Publications

"Supreme Court Ruling will Transform Minimum Wage Liability Landscape," Insurance Day July 2, 2018

“D&O insurers are set to benefit from the reduced exposure to claims after" the U.S. Supreme Court decision in Epic Systems Corp. v. Lewis, "but the changes could significantly cut the demand for this form of cover in the US,” Louis Kozloff writes in Insurance Day. “The Epic Systems decision will significantly curtail the instances of employees bringing class action lawsuits to address wage-and-hour violations.

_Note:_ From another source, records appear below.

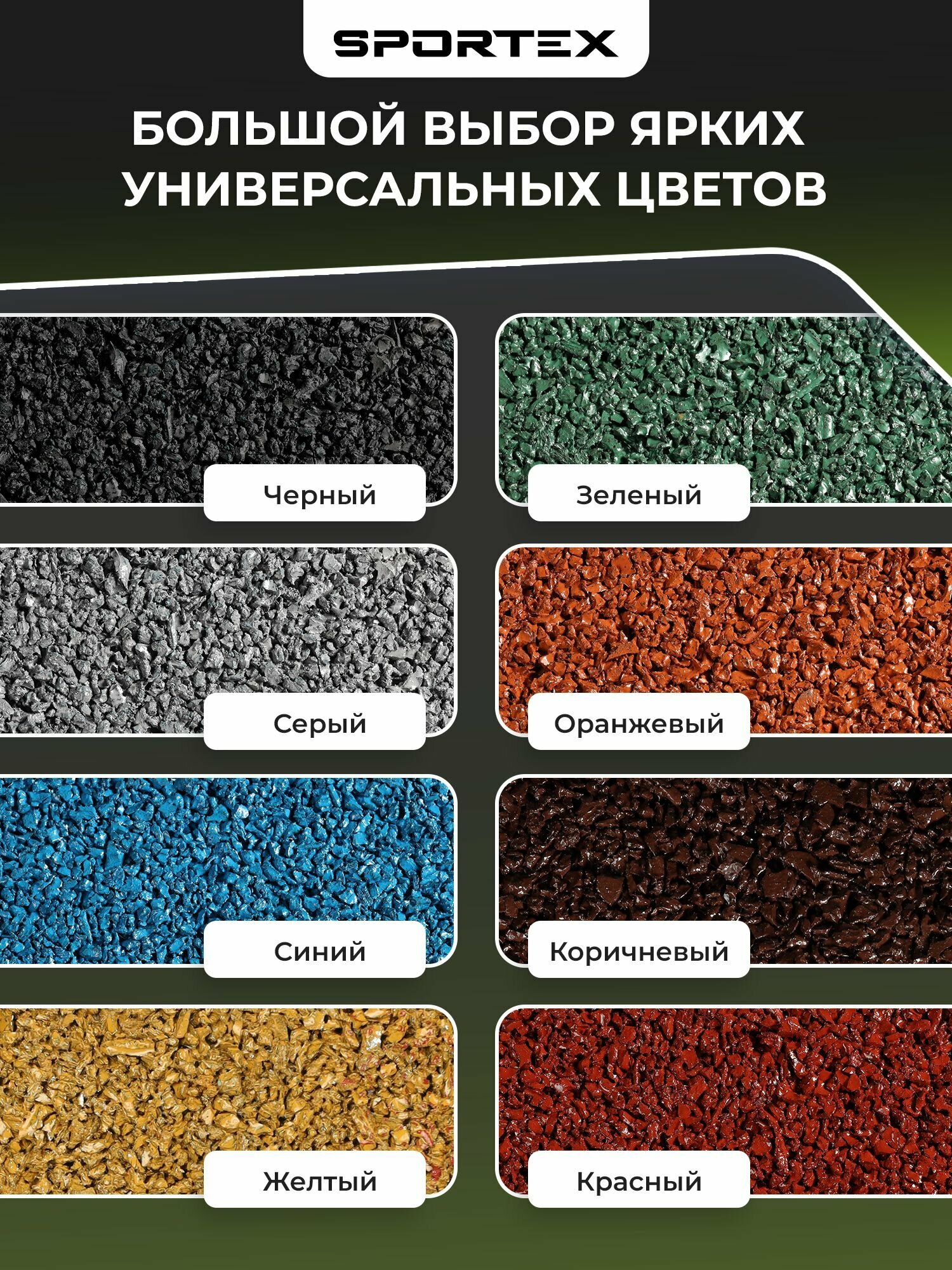 SPORTEX — это готовое решение для самостоятельной укладки наливного резинового покрытия из резиновой крошки. Без опыта, без дорогостоящего инструмента и без привлечения специалистов — всё просто, быстро и удобно. Более 90 % покупателей укладывают покрытие за 1 день! Выберите нужный объём: в продаже готовые наборы на площадь от 1 до 3 м². Нужно больше? Все компоненты — крошка, клей, пигмент — можно докупить отдельно для любой площади.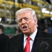 U.S. President Donald Trump raised his middle finger and appeared to direc...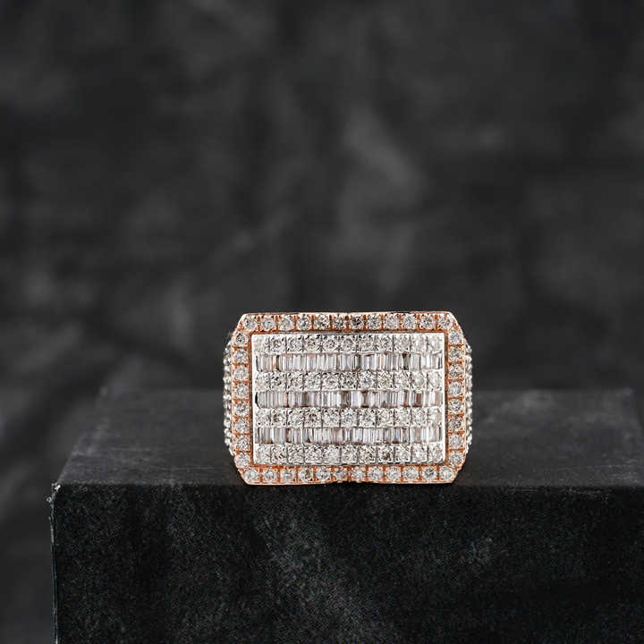 Venta caliente Instock Totalmente Hip Hop Iced Out 14 KT Oro blanco sólido Lab Grown Round Cut Diamond Elegante anillo de moda para hombres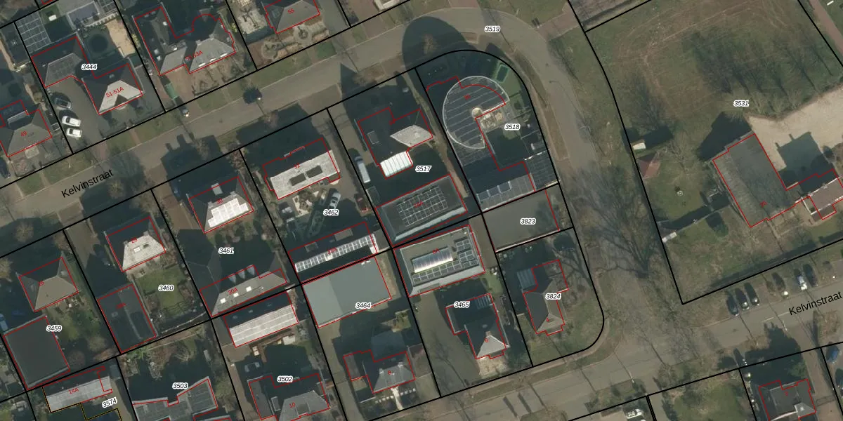 Kelvinstraat 34-A is gelegen op kadastraal perceel WCN00B3517. Deze kadastrale aanduiding is uniek en wordt gebruikt door het Kadaster om eigendomsrechten en andere zakelijke rechten vast te leggen. Het perceel maakt onderdeel uit van de kadastrale gemeente Wijchen.

This will reduce both the frequency and severity of such claims under wage-and-hour cover that is frequently issued in conjunction with directors’ and officers’ employment practices liability insurance (EPLI) cover or as standalone policies.”

Lou, a partner in the firm's Global Insurance Services practice, defines a wage-and-hour claim as a claim “brought by an employee against an employer under the federal Fair Labor Standards Act (FLSA) or similar state laws alleging that the employer violated rules regarding payment of hourly wages, minimum wages, or overtime.” The U.S. Department of Labor (DOL), a state regulatory agency, or an employee can pursue such claims, and studies show that the violations are widespread. “One study estimated that in Chicago, New York, and Los Angeles alone, low-wage workers lose nearly $3bn in legally owed wages each year.”

“Based on Epic Systems, employers who do not currently have employment contracts with arbitration and class action waiver provisions are being advised to modify their agreements to include them,” Louis concludes. “Employment contracts with arbitration provisions and class action waivers can be seen as a more effective way to mitigate the risk of significant wage-and-hour claim exposure.”